_Exercise_
Retype only the lines below from the one with "This paper investigates" to the one with "Now I would", inclusive, skipping every image.

_Supplied entries_
------------------------------------
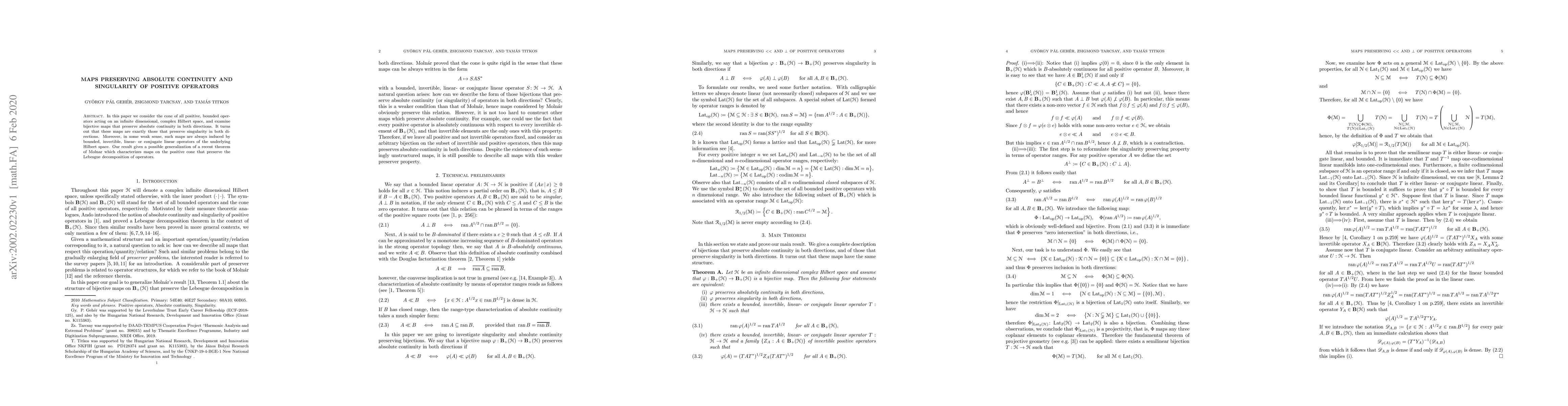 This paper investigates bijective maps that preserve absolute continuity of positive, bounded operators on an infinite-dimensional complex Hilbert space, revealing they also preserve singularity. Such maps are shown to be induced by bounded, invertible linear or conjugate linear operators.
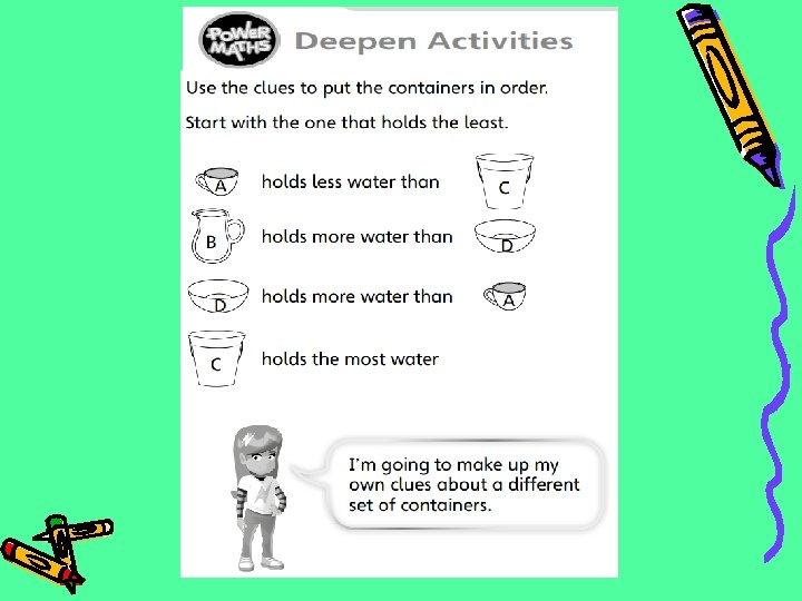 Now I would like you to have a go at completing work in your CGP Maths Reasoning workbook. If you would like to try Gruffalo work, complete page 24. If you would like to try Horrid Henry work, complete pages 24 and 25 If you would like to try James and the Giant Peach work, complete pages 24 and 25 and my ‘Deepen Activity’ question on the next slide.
------------------------------------
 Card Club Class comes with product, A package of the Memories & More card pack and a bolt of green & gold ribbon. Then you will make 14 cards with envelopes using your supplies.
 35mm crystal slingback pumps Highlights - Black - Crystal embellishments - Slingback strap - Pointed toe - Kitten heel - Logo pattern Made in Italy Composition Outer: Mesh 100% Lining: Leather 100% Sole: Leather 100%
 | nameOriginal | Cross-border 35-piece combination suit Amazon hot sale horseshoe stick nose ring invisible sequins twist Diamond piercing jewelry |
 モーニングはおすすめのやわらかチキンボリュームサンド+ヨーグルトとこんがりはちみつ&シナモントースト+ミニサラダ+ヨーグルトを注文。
------------------------------------
_Task answer_
 This paper investigates bijective maps that preserve absolute continuity of positive, bounded operators on an infinite-dimensional complex Hilbert space, revealing they also preserve singularity. Such maps are shown to be induced by bounded, invertible linear or conjugate linear operators.
 Now I would like you to have a go at completing work in your CGP Maths Reasoning workbook. If you would like to try Gruffalo work, complete page 24. If you would like to try Horrid Henry work, complete pages 24 and 25 If you would like to try James and the Giant Peach work, complete pages 24 and 25 and my ‘Deepen Activity’ question on the next slide.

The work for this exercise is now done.